- **Task to carry out**
In the records below, find the line containing "Фризер имеет простое" and the line containing "Diy古法金強保色沙金祥雲部品寿桃瓢箪福禄ブレスレットペンダント銅銭瓢箪ビーズ"; please repeat exactly the lines from one to the other, both included, and nothing more.

- **Exercise materials**
#####

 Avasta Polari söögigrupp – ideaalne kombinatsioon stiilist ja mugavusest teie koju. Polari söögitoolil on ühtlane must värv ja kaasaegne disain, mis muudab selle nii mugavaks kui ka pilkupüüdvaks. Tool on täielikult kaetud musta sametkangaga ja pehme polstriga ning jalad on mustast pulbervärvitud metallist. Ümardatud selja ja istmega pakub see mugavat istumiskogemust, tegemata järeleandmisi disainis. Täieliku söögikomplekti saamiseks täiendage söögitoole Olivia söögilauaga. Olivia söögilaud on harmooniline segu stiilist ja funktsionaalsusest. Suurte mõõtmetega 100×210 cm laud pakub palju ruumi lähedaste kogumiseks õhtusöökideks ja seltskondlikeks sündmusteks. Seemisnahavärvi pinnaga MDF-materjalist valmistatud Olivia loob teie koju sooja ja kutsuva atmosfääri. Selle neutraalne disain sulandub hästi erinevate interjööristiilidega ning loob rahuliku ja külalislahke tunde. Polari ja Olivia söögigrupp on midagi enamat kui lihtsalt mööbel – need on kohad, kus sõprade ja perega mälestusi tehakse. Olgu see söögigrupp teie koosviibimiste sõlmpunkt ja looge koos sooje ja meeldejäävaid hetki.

#####

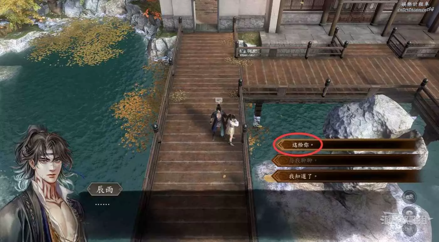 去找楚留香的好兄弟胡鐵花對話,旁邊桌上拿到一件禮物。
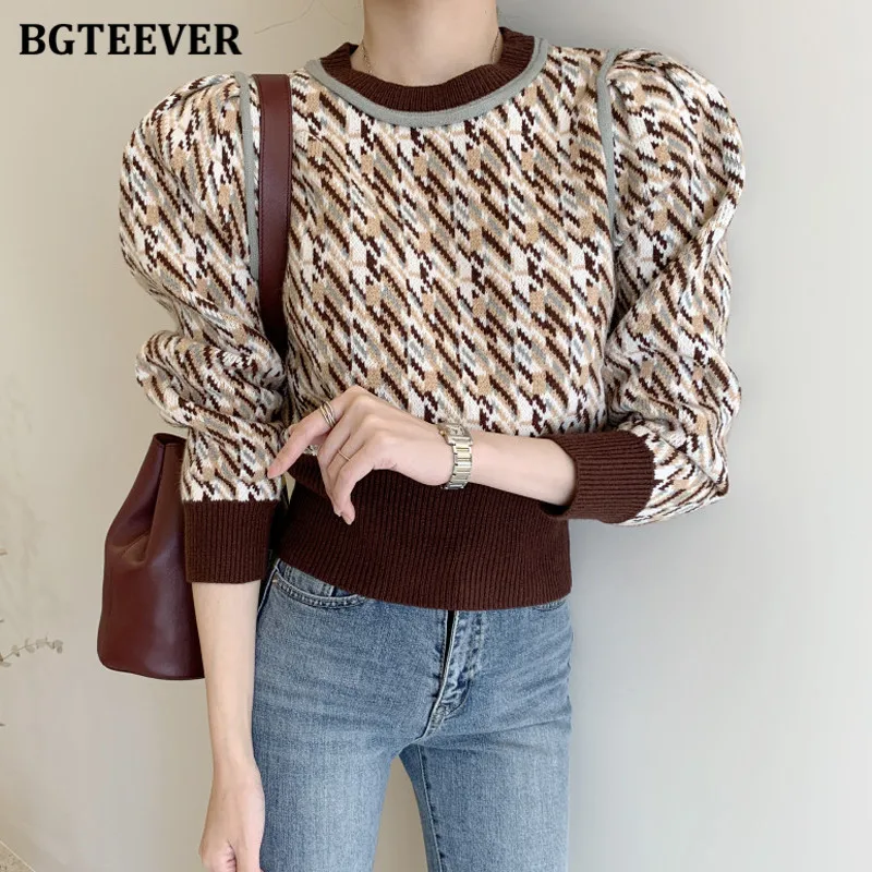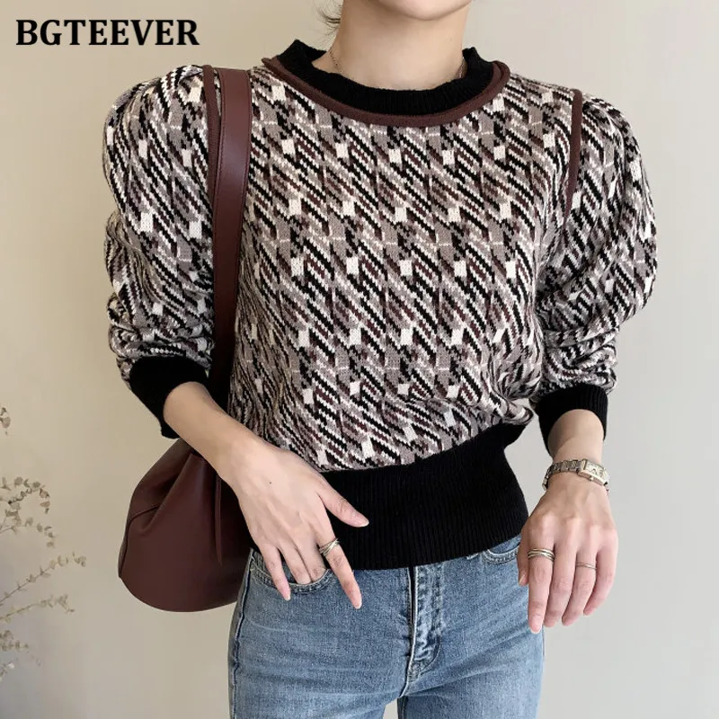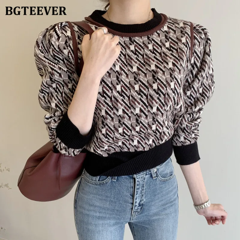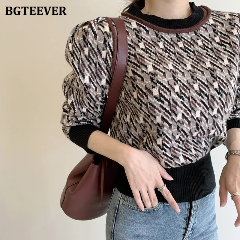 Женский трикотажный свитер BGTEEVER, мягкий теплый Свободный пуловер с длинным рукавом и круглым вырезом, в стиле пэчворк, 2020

#####

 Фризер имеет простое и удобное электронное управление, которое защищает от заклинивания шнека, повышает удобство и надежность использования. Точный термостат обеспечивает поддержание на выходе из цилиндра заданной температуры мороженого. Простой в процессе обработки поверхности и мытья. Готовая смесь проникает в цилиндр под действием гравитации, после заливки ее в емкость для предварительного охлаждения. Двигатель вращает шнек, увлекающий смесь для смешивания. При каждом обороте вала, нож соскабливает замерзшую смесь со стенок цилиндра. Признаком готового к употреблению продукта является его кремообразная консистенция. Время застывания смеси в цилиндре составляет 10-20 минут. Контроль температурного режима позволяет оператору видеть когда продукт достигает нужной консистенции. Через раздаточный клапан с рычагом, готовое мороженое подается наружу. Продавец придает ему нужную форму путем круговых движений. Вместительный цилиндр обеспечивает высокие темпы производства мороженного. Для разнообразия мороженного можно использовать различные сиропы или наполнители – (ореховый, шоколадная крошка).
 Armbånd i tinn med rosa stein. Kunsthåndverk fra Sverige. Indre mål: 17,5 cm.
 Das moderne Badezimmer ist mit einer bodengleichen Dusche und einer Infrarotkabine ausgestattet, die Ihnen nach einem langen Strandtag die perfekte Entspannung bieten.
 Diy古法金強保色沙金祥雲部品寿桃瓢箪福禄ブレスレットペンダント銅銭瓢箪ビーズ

#####

- **Answer to the exercise**
 Фризер имеет простое и удобное электронное управление, которое защищает от заклинивания шнека, повышает удобство и надежность использования. Точный термостат обеспечивает поддержание на выходе из цилиндра заданной температуры мороженого. Простой в процессе обработки поверхности и мытья. Готовая смесь проникает в цилиндр под действием гравитации, после заливки ее в емкость для предварительного охлаждения. Двигатель вращает шнек, увлекающий смесь для смешивания. При каждом обороте вала, нож соскабливает замерзшую смесь со стенок цилиндра. Признаком готового к употреблению продукта является его кремообразная консистенция. Время застывания смеси в цилиндре составляет 10-20 минут. Контроль температурного режима позволяет оператору видеть когда продукт достигает нужной консистенции. Через раздаточный клапан с рычагом, готовое мороженое подается наружу. Продавец придает ему нужную форму путем круговых движений. Вместительный цилиндр обеспечивает высокие темпы производства мороженного. Для разнообразия мороженного можно использовать различные сиропы или наполнители – (ореховый, шоколадная крошка).
 Armbånd i tinn med rosa stein. Kunsthåndverk fra Sverige. Indre mål: 17,5 cm.
 Das moderne Badezimmer ist mit einer bodengleichen Dusche und einer Infrarotkabine ausgestattet, die Ihnen nach einem langen Strandtag die perfekte Entspannung bieten.
 Diy古法金強保色沙金祥雲部品寿桃瓢箪福禄ブレスレットペンダント銅銭瓢箪ビーズ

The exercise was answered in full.